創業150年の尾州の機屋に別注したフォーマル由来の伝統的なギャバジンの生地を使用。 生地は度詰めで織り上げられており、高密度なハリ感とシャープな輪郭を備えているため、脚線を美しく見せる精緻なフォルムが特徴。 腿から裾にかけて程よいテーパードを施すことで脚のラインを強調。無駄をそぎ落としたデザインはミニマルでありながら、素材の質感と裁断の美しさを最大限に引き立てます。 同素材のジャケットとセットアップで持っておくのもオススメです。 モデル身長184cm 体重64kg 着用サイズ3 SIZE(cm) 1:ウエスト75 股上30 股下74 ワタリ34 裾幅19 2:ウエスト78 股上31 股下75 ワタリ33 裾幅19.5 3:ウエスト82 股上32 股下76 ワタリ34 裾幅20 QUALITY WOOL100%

--

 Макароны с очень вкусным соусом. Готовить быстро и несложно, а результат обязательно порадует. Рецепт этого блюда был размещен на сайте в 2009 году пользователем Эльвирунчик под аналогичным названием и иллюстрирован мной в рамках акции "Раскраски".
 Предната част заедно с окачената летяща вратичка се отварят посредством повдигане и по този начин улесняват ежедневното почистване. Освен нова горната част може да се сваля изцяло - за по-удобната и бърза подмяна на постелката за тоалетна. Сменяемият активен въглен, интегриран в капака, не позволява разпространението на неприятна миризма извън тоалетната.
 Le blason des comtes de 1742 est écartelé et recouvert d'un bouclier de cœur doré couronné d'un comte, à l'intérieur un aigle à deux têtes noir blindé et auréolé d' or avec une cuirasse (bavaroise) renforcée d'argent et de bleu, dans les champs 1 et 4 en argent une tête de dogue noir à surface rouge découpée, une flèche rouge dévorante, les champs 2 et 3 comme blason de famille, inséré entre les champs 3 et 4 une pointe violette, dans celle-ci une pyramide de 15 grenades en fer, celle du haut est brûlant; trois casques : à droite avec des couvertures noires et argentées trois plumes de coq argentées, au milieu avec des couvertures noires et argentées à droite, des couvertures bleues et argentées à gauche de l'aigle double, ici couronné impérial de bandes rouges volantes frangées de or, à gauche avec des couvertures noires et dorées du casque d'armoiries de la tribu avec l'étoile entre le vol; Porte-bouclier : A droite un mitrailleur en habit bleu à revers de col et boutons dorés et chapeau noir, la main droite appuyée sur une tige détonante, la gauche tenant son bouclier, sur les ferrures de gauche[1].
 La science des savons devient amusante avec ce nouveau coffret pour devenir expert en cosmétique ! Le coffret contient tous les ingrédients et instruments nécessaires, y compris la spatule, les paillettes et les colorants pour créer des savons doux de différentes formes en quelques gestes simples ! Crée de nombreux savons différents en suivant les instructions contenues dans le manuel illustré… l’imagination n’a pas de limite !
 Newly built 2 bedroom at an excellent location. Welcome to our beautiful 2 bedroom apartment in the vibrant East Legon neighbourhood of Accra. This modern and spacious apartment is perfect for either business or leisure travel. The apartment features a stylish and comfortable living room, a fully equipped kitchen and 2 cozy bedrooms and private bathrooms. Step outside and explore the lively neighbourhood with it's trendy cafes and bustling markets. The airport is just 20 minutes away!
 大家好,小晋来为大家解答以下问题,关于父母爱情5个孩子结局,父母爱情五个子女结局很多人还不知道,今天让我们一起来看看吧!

* _What needs to be done_:
From the material above, retype precisely the lines between the line holding "Предната част заедно" and the line holding "Le blason des", inclusive, and nothing beyond them.

* _Result for this exercise_:
 Предната част заедно с окачената летяща вратичка се отварят посредством повдигане и по този начин улесняват ежедневното почистване. Освен нова горната част може да се сваля изцяло - за по-удобната и бърза подмяна на постелката за тоалетна. Сменяемият активен въглен, интегриран в капака, не позволява разпространението на неприятна миризма извън тоалетната.
 Le blason des comtes de 1742 est écartelé et recouvert d'un bouclier de cœur doré couronné d'un comte, à l'intérieur un aigle à deux têtes noir blindé et auréolé d' or avec une cuirasse (bavaroise) renforcée d'argent et de bleu, dans les champs 1 et 4 en argent une tête de dogue noir à surface rouge découpée, une flèche rouge dévorante, les champs 2 et 3 comme blason de famille, inséré entre les champs 3 et 4 une pointe violette, dans celle-ci une pyramide de 15 grenades en fer, celle du haut est brûlant; trois casques : à droite avec des couvertures noires et argentées trois plumes de coq argentées, au milieu avec des couvertures noires et argentées à droite, des couvertures bleues et argentées à gauche de l'aigle double, ici couronné impérial de bandes rouges volantes frangées de or, à gauche avec des couvertures noires et dorées du casque d'armoiries de la tribu avec l'étoile entre le vol; Porte-bouclier : A droite un mitrailleur en habit bleu à revers de col et boutons dorés et chapeau noir, la main droite appuyée sur une tige détonante, la gauche tenant son bouclier, sur les ferrures de gauche[1].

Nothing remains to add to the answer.